IBM Buys Cloud Security Startup Spanugo To Boost Compliance
Spanugo’s technology can efficiently and transparently demonstrate cybersecurity compliance in real time when an organization is audited and delivers improvements and adaptation to reduce the likelihood of a successful attack.
IBM has agreed to purchase early-stage cybersecurity vendor Spanugo to fulfill the compliance and protection needs of clients in highly regulated industries.
The Armonk, N.Y.-based technology giant said the acquisition of Santa Clara, Calif.-based Spanugo will allow IBM clients to define compliance profiles, manage controls and, in continuous real time, monitor compliance across their organization. These capabilities will be contained within a security control center, which IBM said will be available to customers sooner thanks to the assets Spanugo is providing.
“Bringing Spanugo’s technology into our financial services public cloud will help provide our clients with evidence of their ongoing compliance, in real time,” Howard Boville, IBM’s senior vice president of cloud, said in a statement.
[Related: Rapid7 To Buy Cloud Security Startup DivvyCloud For $145M]
Terms of the deal weren’t disclosed. IBM’s stock is down $1.18 (0.97 percent) to $120.76 in trading early Monday afternoon.
Spanugo was founded in 2017, employs 23 people and raised an undisclosed amount of seed capital in July 2018, according to LinkedIn and Crunchbase. The company said on its website that it works with resellers, systems integrators and IT auditors to deliver value more quickly to enterprise customers. Spanugo’s software will be incorporated into a suite of capabilities within IBM public cloud services.
“Spanugo’s strong domain knowledge and experience in security posture management is a natural complement to IBM’s public cloud offerings,” Doc Vaidhyanathan, Spanugo’s co-founder and chief product officer, said in a statement. “By joining IBM … we’re able to deeply serve businesses across industries that require verifiable, audit-ready, real-time cybersecurity posturing.”
Cloud environments in highly regulated industries like financial services, healthcare, insurance and telco are most useful when they are approved for sensitive information and run workloads subject to strict regulatory and compliance guidelines, IBM said. Managing security and compliance becomes more complex as customers move increasingly significant and sensitive workloads to the cloud, IBM said.
IBM said Spanugo’s technology can efficiently and transparently demonstrate cybersecurity compliance in real time when an organization is audited. Spanugo also delivers a continuous package of cloud security improvement and adaptation to reduce the likelihood of a successful attack, according to IBM.
The world’s first financial services public cloud was announced late last year by IBM to help address industry requirements around regulatory compliance, security and resiliency. Once available, IBM said it will leverage encryption certification to provide preventative and compensatory controls, multi-architecture support and proactive and automated security for financial services regulatory workloads.
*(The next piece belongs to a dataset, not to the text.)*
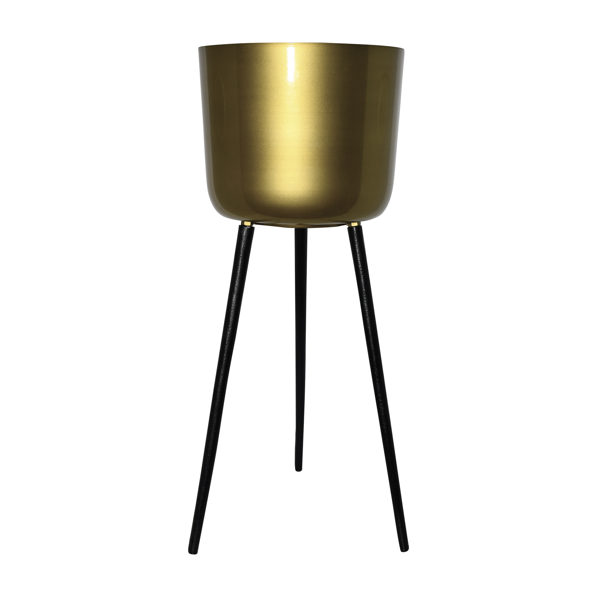 Modern Gold Metal Pot with Black Aluminium Legs – 59 cm Tall Indoor Planter

This is the fifth acquisition of a cloud security posture management firm since the start of 2019, and comes just two months after Rapid7 bought DivvyCloud for $145 million to help organizations bring their security and DevOps teams together and Zscaler purchased Cloudneeti to prevent and remediate application misconfigurations in the cloud.
Six months before that, Trend Micro bought Cloud Conformity to address misconfigurations and unprotected user accounts in the public cloud. And Sophos kicked off the cloud security posture management acquisition spree in January 2019 with the purchase of Avid Secure to provide end-to-end protection around public cloud services such as Amazon Web Services, Microsoft Azure and Google.
Meanwhile, this is the first significant purchase for IBM since January 2019 when it bought T-Systems’ mainframe services business from Deutsche Telecom for roughly $986 million, according to Crunchbase. Three months earlier, IBM has agreed to its massive $34 billion acquisition of open-source software giant RedHat.